The Ring of the Fisherman (Latin: Anulus piscatoris; Italian: Anello Piscatorio), also known as the Piscatory Ring, is an official part of the regalia worn by the pope, who according to Catholic practice and tradition is the head of the Catholic Church and successor of Saint Peter, who was a fisherman by trade. It used to feature a bas-relief of Peter fishing from a boat, a symbolism derived from the tradition that the apostles were "fishers of men" (Mark 1:17). The Fisherman's Ring is a signet that was used until 1842 to seal official documents signed by the pope but is now used only ceremonially.
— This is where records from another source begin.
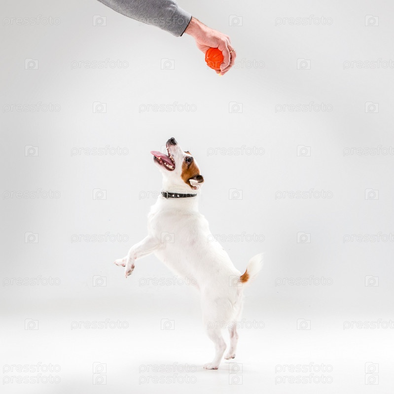 Маленький Джек-Рассел терьер играет с красным мячом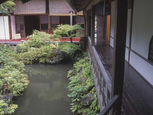 落着きのある外観とは趣を異にする京情緒あふれる中庭には川や滝が流れる“やすらぎ”のホテル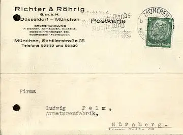 x16126; Messe Stempel: Besucht die 4 Reichsnährstands Ausstellung in München 30.Mai 6 1937 Juni München 1937. auf Firmenkarte Richter und Röhrig. Düsseldorf - München(gelocht).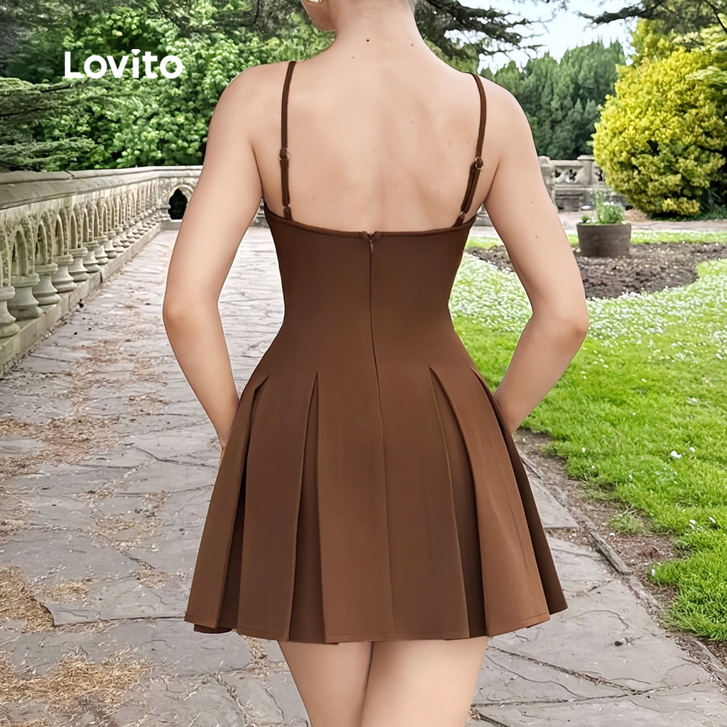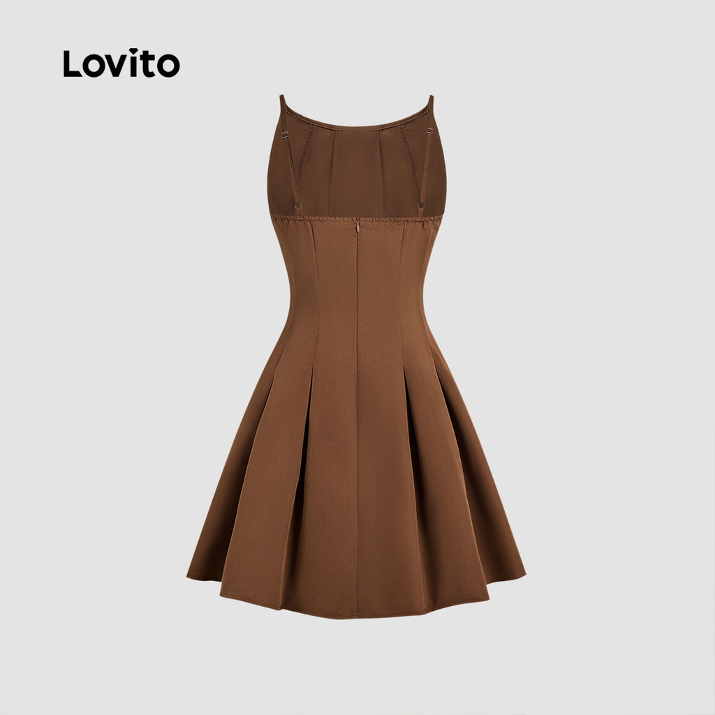 Lovito Vestido Casual Simples de Primavera/verão para Mulheres em Tom de marrom L158ED341

Since at least the Middle Ages it has been a tradition for Catholics meeting the pope to show their devotion by kissing the ring.

==History==
A letter written by Pope Clement IV to his nephew in the 13th century includes the earliest known mention of the Ring of the Fisherman, which was used for sealing the pope's private correspondence. Public documents, by contrast, were sealed by stamping a different papal seal onto lead which was attached to the document. Such documents were historically called papal bulls, named after the stamped bulla (seal) of lead. By the 15th century, the fisherman's ring began to be used to seal papal briefs, which are official but less formal documents. That practice ended in 1842, when the sealing wax was replaced by a stamp which affixed the same device in red ink. Lead seals continue to be used for apostolic letters.
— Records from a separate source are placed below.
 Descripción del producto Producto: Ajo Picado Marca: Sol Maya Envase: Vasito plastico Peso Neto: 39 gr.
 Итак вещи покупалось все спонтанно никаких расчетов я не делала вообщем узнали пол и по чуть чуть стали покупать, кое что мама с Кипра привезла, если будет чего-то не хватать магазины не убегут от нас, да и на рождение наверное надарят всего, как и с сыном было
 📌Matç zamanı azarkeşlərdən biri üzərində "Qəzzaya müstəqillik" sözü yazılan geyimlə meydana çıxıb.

The ring has been lost or stolen at various times. In a 1588 letter, the Spanish ambassador to Rome, Count Olivares, reported to Philip IV that a papal cup-bearer had stolen the Fisherman's Ring from Sixtus V. In 1797, after Napoleon's troops occupied Rome, the ring of Pius VI was briefly taken by French soldiers under the command of General Berthier. The ring was returned to Pius VI the next day, although he died in forced exile in Valence. Before the French abducted Pius VII, the pope reportedly broke the ring into two pieces, which were held in Paris until Louis XVIII returned them to Rome. In 1899, the Fisherman's Ring was reportedly lost before an underservant recovered it and returned it to Leo XIII; however, upon Leo's death in 1903, the ring was not found among his possessions.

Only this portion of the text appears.